One of Booking’s historical advantages now appears to be fraying: Until recently, Booking enjoyed higher margins and faster growth than its major OTA peers, according to Mr. Clarke, because most of its business was in hotel bookings, growing rapidly as online penetration of the business increased.

But thanks to the pandemic, Booking’s hotel business might no longer be the lucrative growth driver it once was. The hotel industry itself faces long-term challenges: For U.S. hotels, occupancy was nearly 23 percentage points lower for the week ended Dec. 12 versus the comparable week last year, while revenue per available room fell 57% year over year for the same period, according to STR, a hospitality data firm.

And while leisure travel should return once the pandemic subsides, many analysts expect business travel to take a sustained hit. Downgrading Booking’s stock last week, Citigroup analyst

Jason Bazinet
estimated that business travel accounted for about 20% of Booking’s pre-pandemic activity and could be permanently impaired by the rise of videoconferencing.

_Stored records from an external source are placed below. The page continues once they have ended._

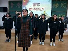 伴随着悠扬的配乐,同学们声情并茂的朗诵,衬托出同学们对革命烈士们的感激之情,并时刻提醒我们今天的幸福生活来之不易。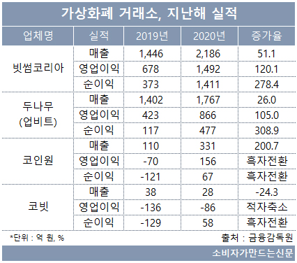국내 가상화폐 거래량이 가장 많은 두나무 ‘업비트’의 영업이익은 지난해 866억 원으로 전년 대비 105% 증가했다. 순이익 역시 477억 원으로 전년 대비 4배 넘게 급증했다. 매출은 1767억 원으로 굳건한 1위를 지키고 있던 빗썸코리아를 바짝 뒤쫓고 있다.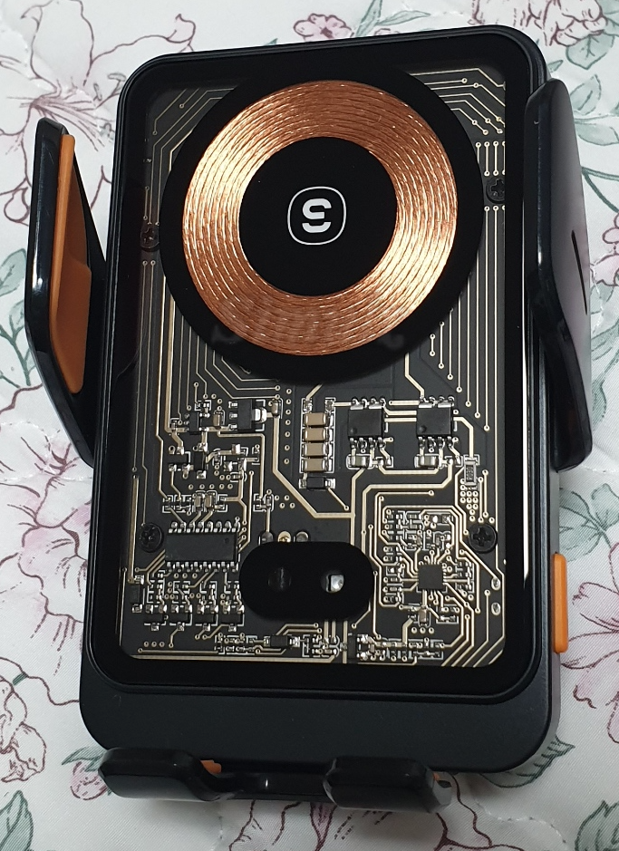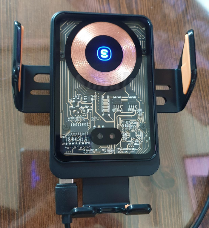 자동차에서 Qi 충전이 가능한 자동 거치대입니다.

To complement its hotel business, Booking has been building up a meaningful alternative-accommodations presence, which it has said was the fastest-growing segment of its business even before the pandemic set in. Still, that expansion might well have been eclipsed by such competitors as
Expedia’s
Vrbo and
Airbnb
this year.

Airbnb leads the alternative-accommodations market in terms of listings, and the pandemic hasn’t helped Booking to gain ground. Booking lost some 87,000 alternative-accommodations listings in the first nine months of this year, according to regulatory filings, while Airbnb said in its S-1 that its own listings remained stable over the same period. Broad consumer awareness of the Airbnb brand seems only to have grown as a result of its initial public offering earlier this month. Booking’s chief executive,

Glenn Fogel,
awkwardly admitted in a CNBC interview that his own daughter thinks of Airbnb first when choosing a homestay rental.

But alternative-accommodations bookings in particular will likely be essential to Booking’s overall recovery as long as the hotel industry continues to struggle. Booking said overall room nights booked across its business were down 43% year over year in the third quarter, which is its seasonally strongest period. While this isn’t an entirely apples-to-apples comparison, the competitive shift in alternative accommodations is evidenced in that Airbnb’s room nights and experiences booked fell just 20% in the same period versus the year prior, before cancellations and alterations.

Buying Booking right now seems like a flight of fancy.